自那日家宴后,顾倾城明白,有些人,总归是相见不如怀念。
于是她对外称病,不再出席有那个人的场合。
而碍于她那日表现良好,秦夜也就默许了她的行为,由着她去。
所以这两日,她总算耳根子清净了些。
这日午后,她独坐在院落一侧的大理石桌旁喝着茶,这种偷得浮生半日闲的感觉不是一般的好。
萧逸出现在她面前的时候,她被滚烫的茶水烫了一下。
不动声色地放下茶杯站起来,顾倾城忍着痛行了个问安礼:“萧大人好。”礼不可废,即使心里再怎么不想见他,这该周到的地方,还是要周到的。

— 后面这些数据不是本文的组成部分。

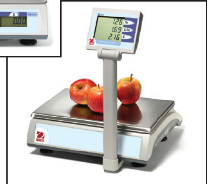
Model RE shown with rear display (top) and tower mount model (bottom)

顾倾城淡漠疏离的样子让萧逸心里不舒服,朝她走上前几步,萧逸道:“我打扰到你了?”
顾倾城本能后退,一脸戒备:“妾身并无要事在身,何来打扰之说?”
妾身?她这是在提醒他,她如今是秦夜的女人吗?苦笑了下,萧逸道:“倾城,我们之间,难道真的非要如此不可吗?”
顾倾城不难听出他话语中的无可奈何之意,当下就愣住了,心微微发软。
二人就此僵持着,四目相对,未发一语。
过了许久,萧逸才叹了口气:“我们这么久没见,难道你连请我喝杯茶的意思都没有?”
顾倾城一脸为难,想了想,她还是道:“萧大人,请坐。”
二人面对面坐下,顾倾城遣退了站在她后头的芷心芷柔,而后端起茶壶,满上一杯茶水,优雅地递到他面前:“萧大人请用茶。”

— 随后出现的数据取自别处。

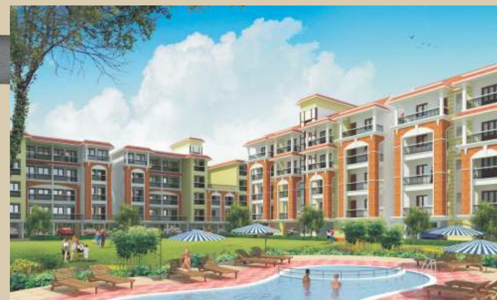
BUILDING B1, B2, B3, C1 & C2

萧逸直直的盯着她,五年不见,她出落得越发水灵,年少的那份青涩已悄然褪去,如今的她浑身上下都散发着一种成熟女人特有的风韵。
暗叹了口气,萧逸心中忽然无比惆怅,错过她的这五年光景里,他到底错过了她多少美好。
被他盯得有些不舒服,顾倾城尴尬地清了清嗓子。
萧逸这才回过神来。
“这些年,你过得可好?”萧逸一时找不到话题,便随意寒暄了句,是那句久别重逢的人惯用的句子,老的掉牙,听着却令人心里泛酸。

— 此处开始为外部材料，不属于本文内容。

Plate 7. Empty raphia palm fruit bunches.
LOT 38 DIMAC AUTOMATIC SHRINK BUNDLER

“很好。”顾倾城头也不抬,漫不经心地回答,而后就没有了下文。
萧逸等不到他想象中的提问,有些失望,但还是笑笑道:“怎么不问问我过得好不好?”
顾倾城抬头,眉眼犀利,泛着冷笑的嘴角悠悠吐出一句话:“这好像不是我需要关心的吧?”
“真不关心?”萧逸挑眉一问,手悄无声息地附上她置放在桌上的手,笑得云淡风轻:“我怎么就觉得,你其实关心得很呢?”
“萧、大、人。请自重。”顾倾城勃然大怒,手本能地挥开他。他怎么可以这么无耻,五年前顾家落难的时候,是他刺了她最深的一刀。时过境迁后,他竟然还能若无其事地站在她面前,无所不用其极地撩拨她,然后轻而易举地撕毁她残存的,少的可怜的理智。
起身就要离去,萧逸却先行一步抓住她,一脸严肃,与刚才的轻佻相比简直胖若两人:“你真的一点都不关心我?一点都不在乎我这些年过得好不好?”
顾倾城在他的逼问下红了眼眶,半响后,她才艰难地吐出一句:“这很重要吗?”一直老死不相往来不就好了,还说这些干什么?
“对我来说,是。”萧逸盯着她,肯定道。若她告诉他,这五年,她同样过得撕心裂肺,没日没夜地念着他,那么他此刻站在这里,是有价值的,他要倾尽全力去争取,倾尽全力夺回她。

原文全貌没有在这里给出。